## Exercise instructions
Only the lines below from the one containing "Scopul acestei noi" to the one containing "據廣汽豐田4S店銷售人員介紹" should be repeated, both included and unchanged.

[Records shown — start]

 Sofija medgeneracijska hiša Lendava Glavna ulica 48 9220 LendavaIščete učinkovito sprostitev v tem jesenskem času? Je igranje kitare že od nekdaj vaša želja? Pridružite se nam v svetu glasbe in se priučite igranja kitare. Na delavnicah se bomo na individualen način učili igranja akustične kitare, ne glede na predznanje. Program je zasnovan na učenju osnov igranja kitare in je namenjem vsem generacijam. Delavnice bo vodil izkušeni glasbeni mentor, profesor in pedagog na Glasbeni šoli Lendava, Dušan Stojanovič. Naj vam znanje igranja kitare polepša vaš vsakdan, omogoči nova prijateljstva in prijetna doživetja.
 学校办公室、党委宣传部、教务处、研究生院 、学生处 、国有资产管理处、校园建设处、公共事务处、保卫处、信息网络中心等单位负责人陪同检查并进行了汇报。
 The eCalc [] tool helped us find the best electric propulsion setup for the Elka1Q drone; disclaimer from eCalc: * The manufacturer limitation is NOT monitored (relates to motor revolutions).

[Records shown — finish]
[Records shown — start]

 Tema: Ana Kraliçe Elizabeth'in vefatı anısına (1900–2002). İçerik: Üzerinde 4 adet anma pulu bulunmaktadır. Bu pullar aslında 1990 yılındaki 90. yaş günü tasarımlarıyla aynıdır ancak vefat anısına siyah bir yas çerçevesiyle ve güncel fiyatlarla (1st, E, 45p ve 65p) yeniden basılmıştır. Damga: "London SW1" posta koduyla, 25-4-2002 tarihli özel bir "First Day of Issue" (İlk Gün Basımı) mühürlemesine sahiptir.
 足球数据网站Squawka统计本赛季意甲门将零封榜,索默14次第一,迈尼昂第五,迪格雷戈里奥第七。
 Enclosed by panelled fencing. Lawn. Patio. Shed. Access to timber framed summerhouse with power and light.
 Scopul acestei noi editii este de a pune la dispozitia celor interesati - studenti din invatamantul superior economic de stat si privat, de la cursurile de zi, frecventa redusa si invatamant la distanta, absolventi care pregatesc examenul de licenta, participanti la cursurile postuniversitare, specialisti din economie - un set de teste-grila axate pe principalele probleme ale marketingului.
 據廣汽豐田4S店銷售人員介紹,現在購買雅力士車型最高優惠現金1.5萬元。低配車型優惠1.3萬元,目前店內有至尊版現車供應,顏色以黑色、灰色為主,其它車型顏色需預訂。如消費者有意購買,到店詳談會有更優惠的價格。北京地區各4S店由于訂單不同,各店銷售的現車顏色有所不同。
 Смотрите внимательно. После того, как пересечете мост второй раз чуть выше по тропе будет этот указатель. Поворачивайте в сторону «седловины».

[Records shown — finish]

## Exercise result
 Scopul acestei noi editii este de a pune la dispozitia celor interesati - studenti din invatamantul superior economic de stat si privat, de la cursurile de zi, frecventa redusa si invatamant la distanta, absolventi care pregatesc examenul de licenta, participanti la cursurile postuniversitare, specialisti din economie - un set de teste-grila axate pe principalele probleme ale marketingului.
 據廣汽豐田4S店銷售人員介紹,現在購買雅力士車型最高優惠現金1.5萬元。低配車型優惠1.3萬元,目前店內有至尊版現車供應,顏色以黑色、灰色為主,其它車型顏色需預訂。如消費者有意購買,到店詳談會有更優惠的價格。北京地區各4S店由于訂單不同,各店銷售的現車顏色有所不同。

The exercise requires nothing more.